The expression of PLD1 and lysophosphatidic acid acyltransferase-ß, which are known to be involved in the production of phosphatidic acid, was uninfluenced by hypoxia ( Table ). However, when we investigated the effects of hypoxia on incorporation of [ 3 H]-palmitic acid into phosphatidic acid, we observed a nearly 4-fold increase in the level of phosphatidic acid in cells exposed to hypoxia compared with control cells ( P =0.010; Figure 4 B).
The array analyses also showed that 2 key enzymes involved in ß-oxidation (acyl-coenzyme A synthetase and acyl-CoA dehydrogenase) were downregulated in response to hypoxia ( Table ). The results were confirmed by RT-PCR (0.75-fold and 0.69-fold, respectively; both P <0.05; n=5; Table ). In agreement with this, we observed a significant reduction in the rate of ß-oxidation (measured as the conversion of [ 3 H]-palmitic acid to water-soluble substances) in cells exposed to hypoxia for 24 hours (28% after 30 minutes incubation with [ 3 H]-palmitic acid [ P =0.042] and 40% after 105 minutes incubation with [ 3 H]-palmitic acid [ P =0.009; n=3; Figure 5 A]). Furthermore, the expression of stearoyl-CoA desaturase, an important enzyme in the biosynthesis of fatty acids, was upregulated in cells exposed to hypoxia, as shown by the array analysis and confirmed by RT-PCR (1.65-fold; n=5; P <0.05; Table ).
Figure 5. Hypoxia causes a reduction in ß-oxidation and an increase in triglyceride synthesis in human macrophages. A, Effect of hypoxia on the ß-oxidation of [ 3 H]-palmitic acid in human macrophages. Mean±SD of 4 different donors analyzed in triplicate ( P =0.042 at 30 minutes and P =0.0097 at 105 minutes). B, Effect of hypoxia on triglyceride synthesis. Mean±SD of 3 different donors analyzed in triplicate ( P =0.0028 for control vs hypoxia-treated macrophages).
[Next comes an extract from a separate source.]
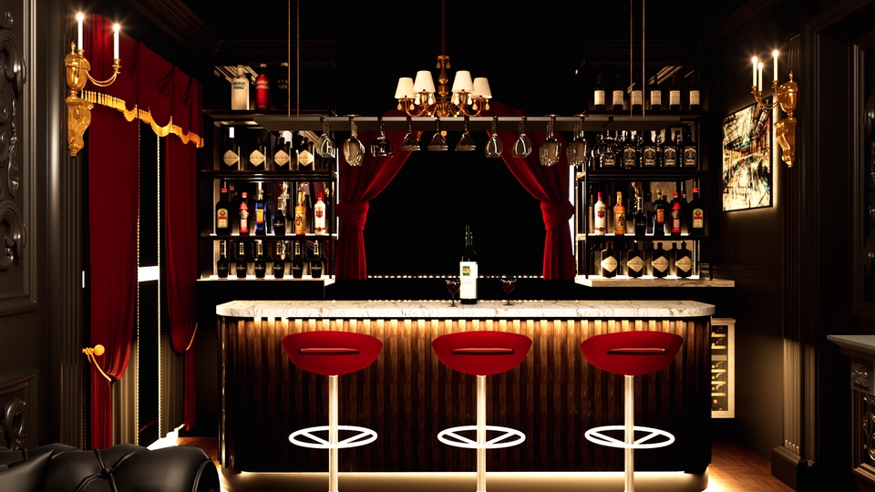 ออกแบบห้องนั่งเล่น Modern luxury style โทนสีดำแดง พร้อมบาร์ดื่มไวน์ luxury style ตกแต่งด้วยผนังโทนสีดำ ประดับเฟอร์เจอร์ สีดำ - แดง แต่งไฟสลัวเพื่อให้เข้ากับ concept งาน ขั้นตอนการทำงาน 1. แจ้งรายละเอียดงาน ระบุความต้องการในพื้นที่ต่างๆ ทั้งฟังก์ชั่นและสไตล์งาน 2. อัพเดทดราฟงานครั้งที่1 หากมีการแก้ไขสามารถแจ้งแก้ไขได้เลย 3. ส่งมอบงาน

Together, these results indicate that hypoxia can increase the amount of fatty acid available for the biosynthesis of lipids such as triglycerides. In agreement with this, an increased incorporation of [ 3 H]-palmitic acid into triglycerides was seen in cells exposed to hypoxia for 24 hours after 5-minute, 15-minute, and 30-minute ( P =0.0028) incubation with the radiolabeled fatty acid ( Figure 5 B).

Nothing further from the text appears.